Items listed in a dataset
════════════════

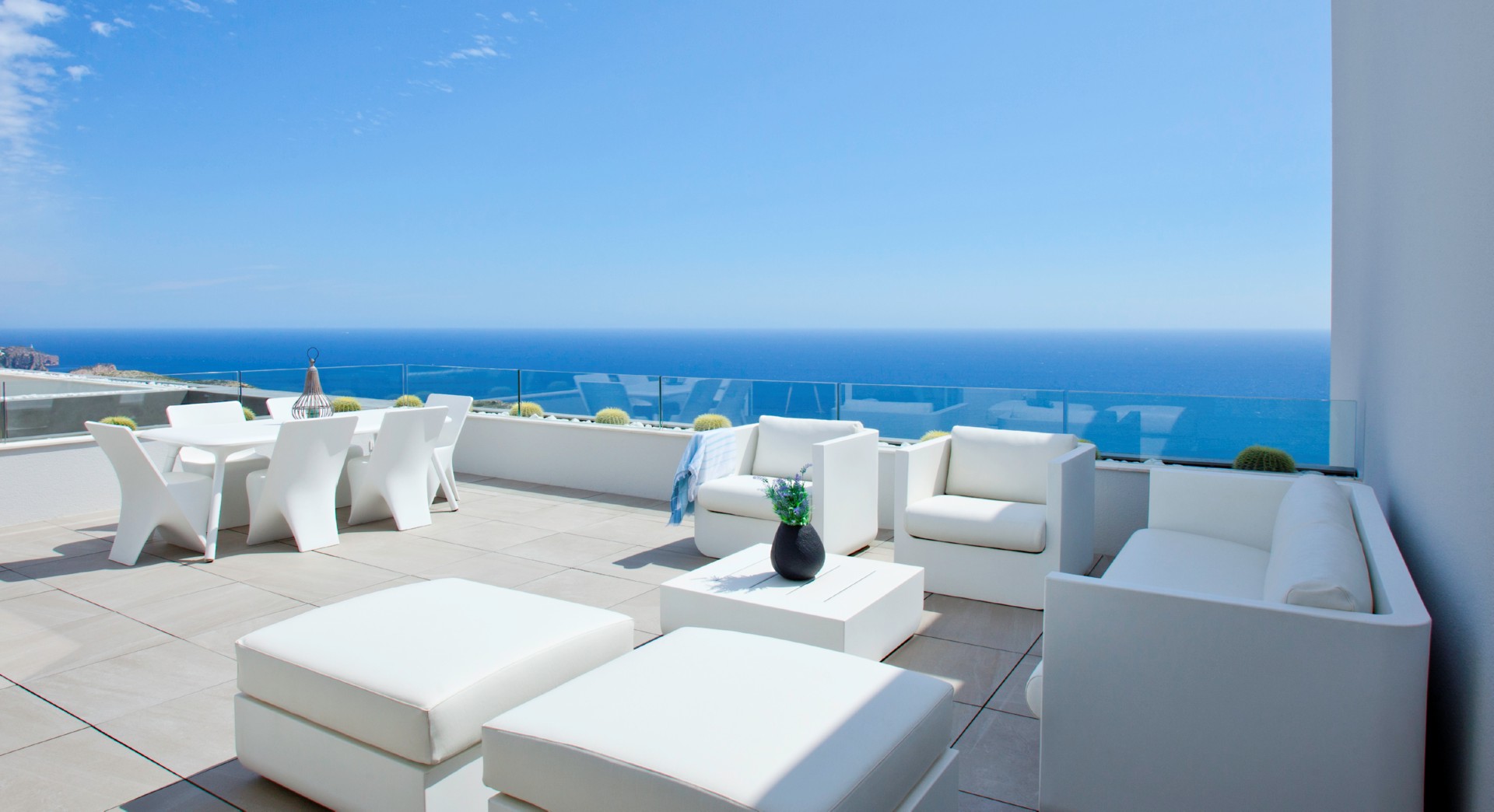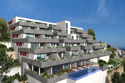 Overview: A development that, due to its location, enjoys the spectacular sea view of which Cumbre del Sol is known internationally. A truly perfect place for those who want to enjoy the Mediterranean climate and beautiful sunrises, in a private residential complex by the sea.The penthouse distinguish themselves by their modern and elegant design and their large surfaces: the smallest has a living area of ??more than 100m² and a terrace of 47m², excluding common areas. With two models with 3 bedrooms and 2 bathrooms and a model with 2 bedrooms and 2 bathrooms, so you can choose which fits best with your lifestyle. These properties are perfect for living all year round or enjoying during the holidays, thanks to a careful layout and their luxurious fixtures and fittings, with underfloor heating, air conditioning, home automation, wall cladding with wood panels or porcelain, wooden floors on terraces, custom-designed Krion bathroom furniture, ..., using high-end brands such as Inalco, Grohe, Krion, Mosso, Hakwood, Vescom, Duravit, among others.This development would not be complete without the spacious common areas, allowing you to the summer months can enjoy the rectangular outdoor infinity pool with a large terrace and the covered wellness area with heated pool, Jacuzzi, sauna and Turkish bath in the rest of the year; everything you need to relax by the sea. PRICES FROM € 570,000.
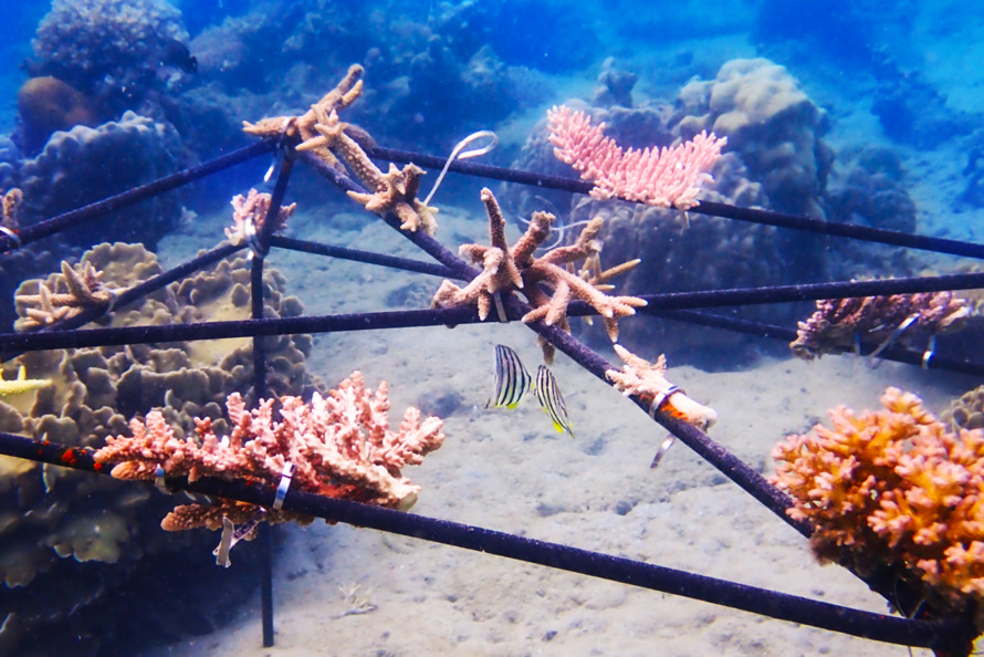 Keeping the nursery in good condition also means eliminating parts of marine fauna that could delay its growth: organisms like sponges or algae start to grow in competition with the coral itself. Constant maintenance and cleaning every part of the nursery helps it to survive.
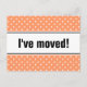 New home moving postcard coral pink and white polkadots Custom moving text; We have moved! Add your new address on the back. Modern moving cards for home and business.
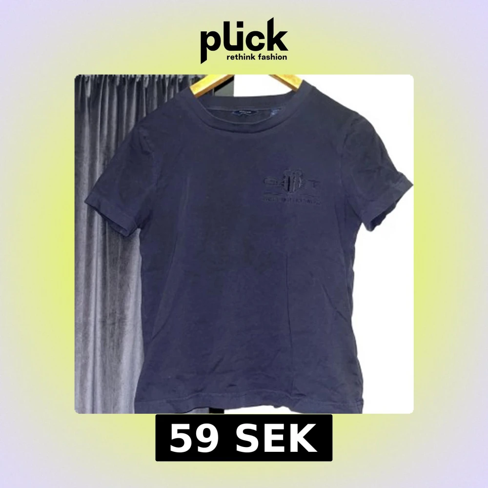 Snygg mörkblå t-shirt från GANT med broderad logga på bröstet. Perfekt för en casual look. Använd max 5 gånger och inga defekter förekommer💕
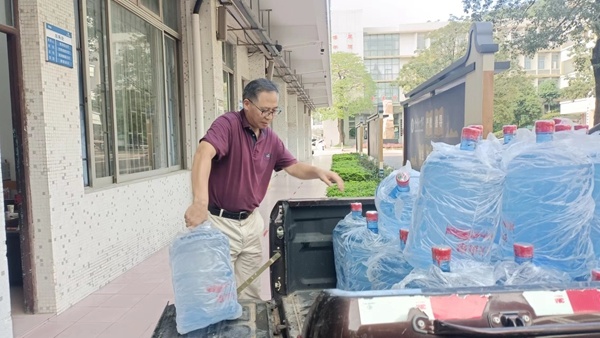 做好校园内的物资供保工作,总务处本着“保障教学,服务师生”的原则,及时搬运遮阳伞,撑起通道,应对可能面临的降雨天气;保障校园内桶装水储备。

════════════════

**Aim of the task**. What is needed is an exact copy of only the lines from the line containing "Keeping the nursery" through the last line of the entries, inclusive, without the pictures.

**Answer area**.
 Keeping the nursery in good condition also means eliminating parts of marine fauna that could delay its growth: organisms like sponges or algae start to grow in competition with the coral itself. Constant maintenance and cleaning every part of the nursery helps it to survive.
 New home moving postcard coral pink and white polkadots Custom moving text; We have moved! Add your new address on the back. Modern moving cards for home and business.
 Snygg mörkblå t-shirt från GANT med broderad logga på bröstet. Perfekt för en casual look. Använd max 5 gånger och inga defekter förekommer💕
 做好校园内的物资供保工作,总务处本着“保障教学,服务师生”的原则,及时搬运遮阳伞,撑起通道,应对可能面临的降雨天气;保障校园内桶装水储备。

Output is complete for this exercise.